Does this sound familiar? Should you worry?

Not just yet, because each child’s needs and interests are so monumentally different, PLEASE give yourself the freedom to let go of past expectations and to instead engage in the magic of learning as a natural process.

Easy tips to help kids overcome hate toward learning, and develop confidence in themselves.

I bought into the teaching propaganda

I learned early on that the expectations I put on my own kids was driven by fear.

Headlines pop up all over Google and Pinterest when you search for early learning support:

“Read Before Kindergarten”
“What Your Child Should Learn Before Kindergarten”
“The Right Way to Teach Reading”
The list goes on.

So I bought into the propaganda.

My son NEEDED to know how to read before Grade One, or even Kindergarten for that matter (if I wanted to be a ‘really’ good mom).

My toddlers needed to know all their colours and shapes and numbers, and how to identify the names of letters, because why else would the stores advertise that handy dandy “LeapFrog Fridge Phonics” set?

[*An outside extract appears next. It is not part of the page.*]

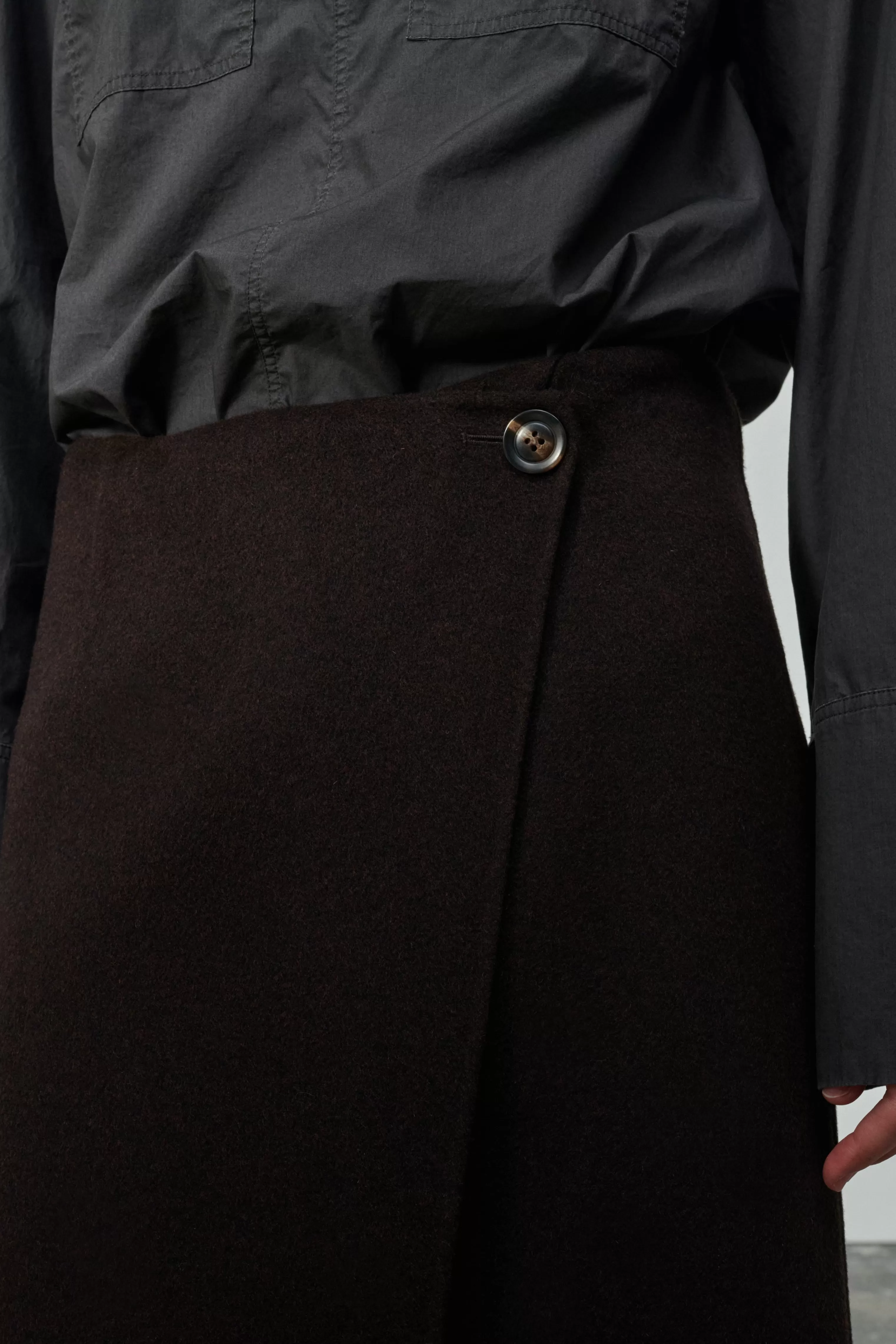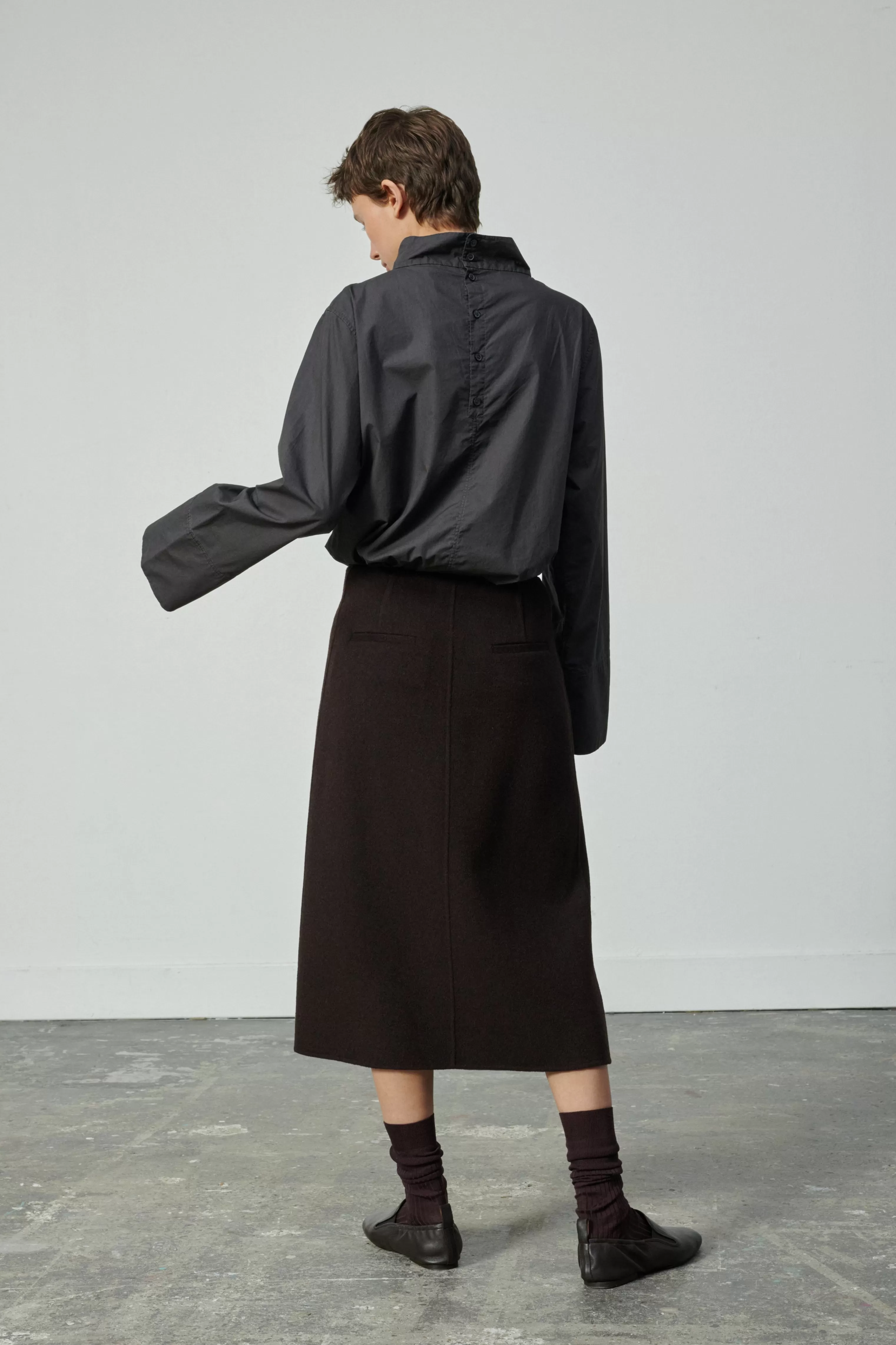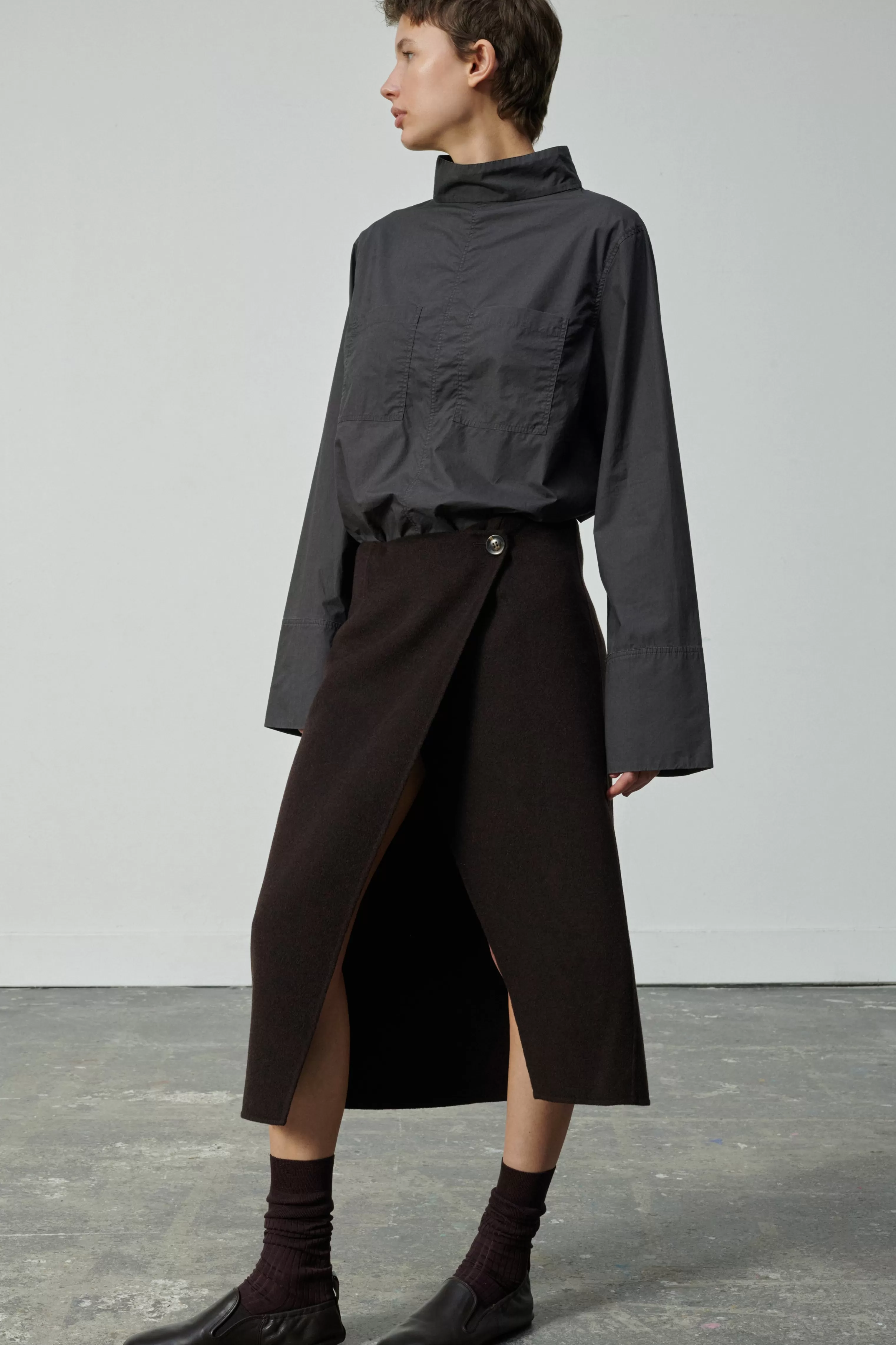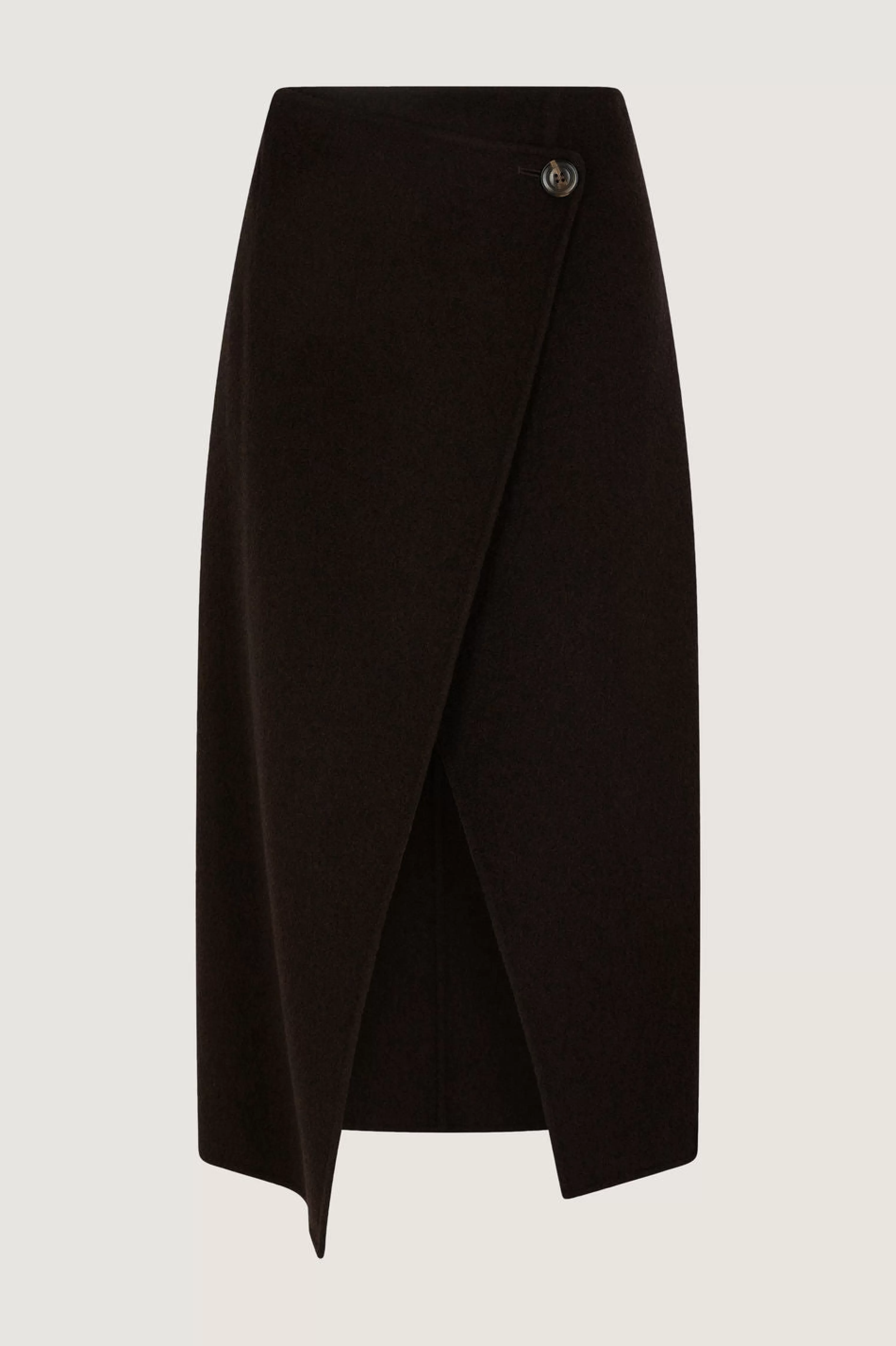 Jupe porte-feuille asymétrique en laine double face – Jupe porte-feuille asymétrique– Volume trapèze, taille haute– Boutonnée sur le côté– Poche passepoilée au dos– Pincée devant et au dos

(We actually loved that Leap Frog toy! It even had a permanent home on our fridge for years. I simply held it in higher esteem than was necessary.)

I am a teacher by trade, and for several years I primarily taught Kindergarten.
I had all the right tools: the worksheets, the training, and the knowledge.

But what I didn’t have yet, was a true understanding of my own child.

Let me say that again, because it’s so important to this journey of child-led learning.

I did not understand the needs of my own child

What I also didn’t understand was that despite all my best teaching and parenting efforts, all of that was about to change for the better, and all thanks to a slightly stubborn 5-year-old.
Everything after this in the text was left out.